Manyi: Fica bill is a bid to bankrupt the ANC

Mzwanele Manyi is the president of the Progressive Professionals Forum. Picture: Sibusiso Ndlovu/Independent Media

Mzwanele Manyi is the president of the Progressive Professionals Forum. Picture: Sibusiso Ndlovu/Independent Media

Published Jan 25, 2017

Share

Parliament – In an extraordinary submission on the Financial Intelligence Centre Amendment bill, Progressive Professional Forum president and former Cabinet spokesman Jimmy Manyi on Wednesday described it as an attempt to bankrupt the ruling ANC before the next national elections in 2019.
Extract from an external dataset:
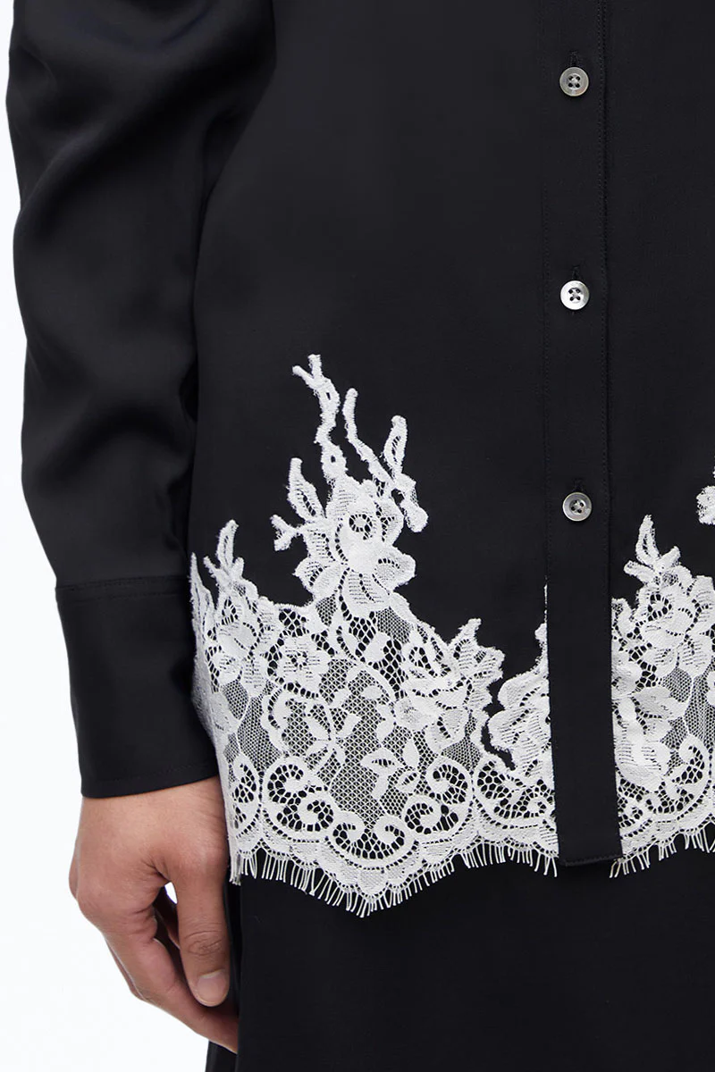 Inspired by New York City's patchworked communities, this shirt is designed in black and descends into elaborate white lace at the hem. It's cut to a simple, smart profile with a point collar and buttoned cuffs.

Manyi told MPs the money-laundering bill would be used by unnamed forces to embarrass and blacklist ANC donors "so that when we get to 2019 the ANC is as broke as hell".

"We are going to have a situation where everyone is tainted by this... We are also going to be embarrassed because of this, this is a dangerous piece of legislation."
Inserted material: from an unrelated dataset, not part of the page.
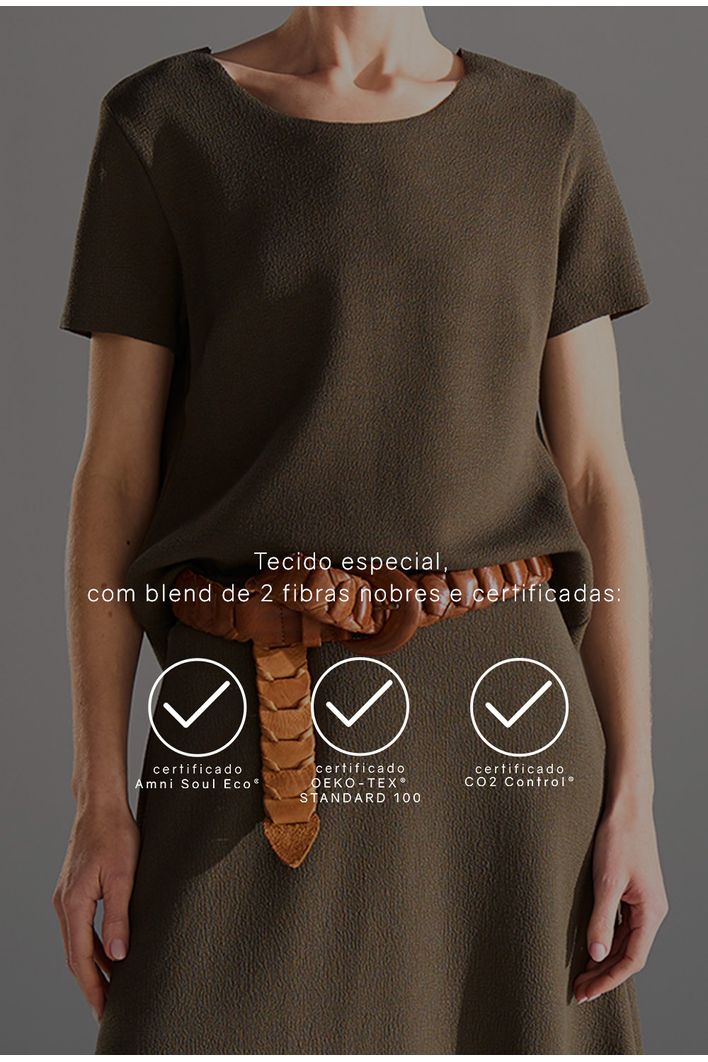 O tecido utilizado nessa peça possui poliamida Biodegradável e certificação OEKO-TEX

Manyi was reminded by the chairman of Parliament's standing committee on finance, Yunus Carrim, that the narrow purpose of the hearing was to air submissions on whether President Jacob Zuma's refusal to sign the bill into law for fear that it was unconstitutional was well-founded and necessitated any chance.

At issue is the president's submission that section 45(b)(i)(c) would not pass constitutional muster because it allowed for warrantless searches by finance inspectors in certain circumstances.
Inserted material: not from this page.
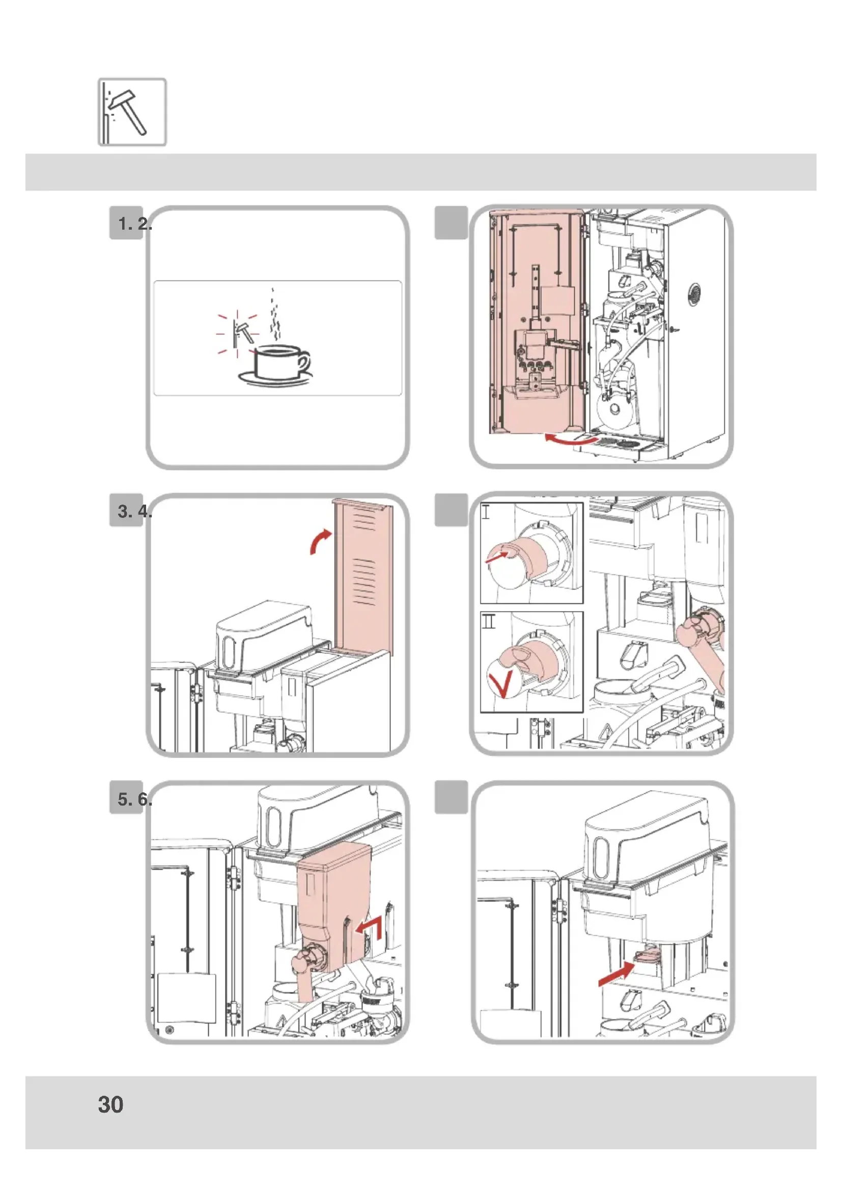 7. Instruktážni stranky seznázornenymi postupy (cervené oznaceni) a symboly (poznámky/zákazy).

Zuma's detractors see in his decision to return the bill to the legislature more than six months after it was approved by the National Assembly a move to protect him and his circle from investigation by finance authorities. But the PPF and the Black Business Council argued on Wednesday that it would enhance the power of the country's biggest banks, who they claim continue to serve the interests of a white minority.

They made the further argument that investigating money-laundering should be the job of the police, and that allowing the Financial Intelligence Centre to do so gave it excessive powers.

National Treasury has warned that a failure to enact the legislation would earn South Africa a public rebuke from the Financial Action Task Force (FATF) when the body meets in February.

In a submission on behalf of National Treasury on Wednesday, Jeremy Gauntlett SC and QC, said Zuma's objection to the clause allowing warrantless searches was ill-founded, and suggested Parliament MPs leave the bill as is or "neaten" the language to make the limitations on warrantless searches more explicit still.

Ishmael Semenya, who was briefed by Parliament to give an independent legal opinion, was of the same view, saying: “The National Assembly would be perfectly entitled to simply reaffirm it in its current form."

Semenya argued that the case law citation on which Zuma based his objections was not appropriate as the legal provisions that were struck down by the Constitutional Court in the cases his lawyers referred to were much wider than those in the contested section of the FICA bill, and therefore deemed an impermissible infringement on privacy.

He concurred with senior legal parliamentary law advisor Frank Jenkins that the highest court in the land allowed warrantless searches in narrowly defined circumstances.

In this case, the bill allows Financial Intelligence Centre inspectors to carry out searches where the delay applying for a warrant would frustrate the object of the search and they were persuaded that had they approached a court for a warrant, the court would have granted it.